A new bridge in southern China has become the tallest in the world, opening to traffic over the weekend in Guizhou province and connecting two remote areas across a deep canyon in just over a minute of travel time.
The Huajiang Grand Canyon Bridge rises 2,051 feet (625 meters) above the Beipan River—almost 600 feet taller than the Empire State Building (at 1,454 feet)—and spans 9,482 feet (2,890 meters) in total length. Its main span alone measures 4,659 feet (1,420 meters), surpassing the previous record holder, the Duge Bridge, which is also located in Guizhou.
Travel across the Huajiang Canyon previously took more than an hour by road. With the bridge now open, that same route takes just over a minute by vehicle.
“By then, this super project that spans the ‘Earth crack’ will be the world’s first in both directions. It will become another landmark project to demonstrate China’s infrastructure strength,” Zhang Shenglin, chief engineer of Guizhou Highway Group, told China Daily earlier this year, when the bridge was 95 percent complete.

A Dual Role
The bridge includes a high-speed glass elevator that transports visitors to a café located 2,600 feet (792 meters) above the river. A 1,900-foot-high (579-meter) glass walkway and bungee platform have also been built at the site as part of a wider tourism initiative.
Project manager Wu Zhaoming of Guizhou Transportation Investment Group said the team had to address several technical challenges during construction, including stabilizing steep slopes, managing strong winds, and controlling concrete temperatures. Despite those difficulties, the project was completed ahead of schedule.
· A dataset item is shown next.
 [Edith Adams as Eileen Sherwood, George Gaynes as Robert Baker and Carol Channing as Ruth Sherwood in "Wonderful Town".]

“This bridge is the result of everyone’s hard work,” said Tian Hongrui, a technician on the project, in an interview with CCTV (China Central Television, national television broadcaster of China). “Leaving now is bittersweet, but this isn’t the end. It’s the start of a new chapter.”

Construction began in January 2022 and concluded on September 28, 2025. The steel-truss suspension bridge carries the Guizhou S57 Liuzhi–Anlong Expressway and cost an estimated 2.1 billion yuan (about $295 million), based on government figures.
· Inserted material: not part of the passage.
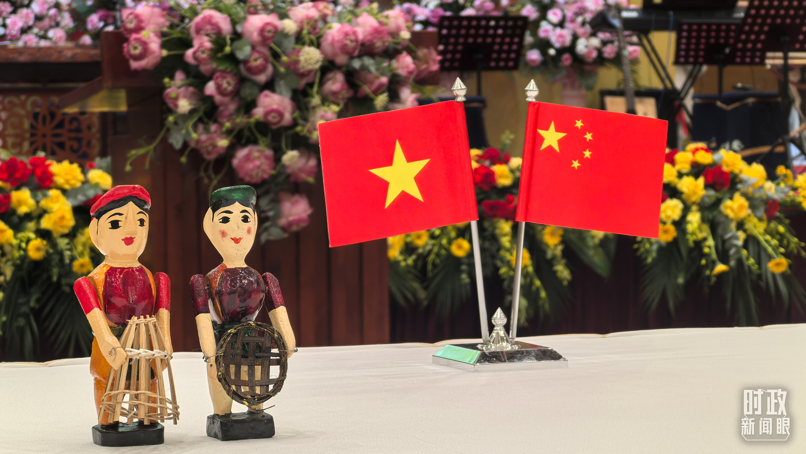 歡迎宴會現場擺放的中越兩國國旗。(總臺央視記者鄂介甫拍攝)

Safety testing was completed in August. Engineers used 96 trucks to simulate traffic loads while more than 400 sensors monitored the bridge’s main cables, towers, and span for any structural movement. The tests were described as successful by project officials speaking to local outlet NDTV.
Guizhou province is now home to more than 32,000 bridges, up from fewer than 3,000 in the 1980s. Nearly half of the 100 tallest bridges in the world are located in the region.
Over ten years ago China launched its Belt and Road Initiative (BRI), leader Xi Jinping’s signature infrastructure program which has seen $1 trillion worth of investments poured into projects in nearly every region of the globe. It was meant to place China firmly on center stage as an alternative financier—and therefore power center—to U.S.-led institutions.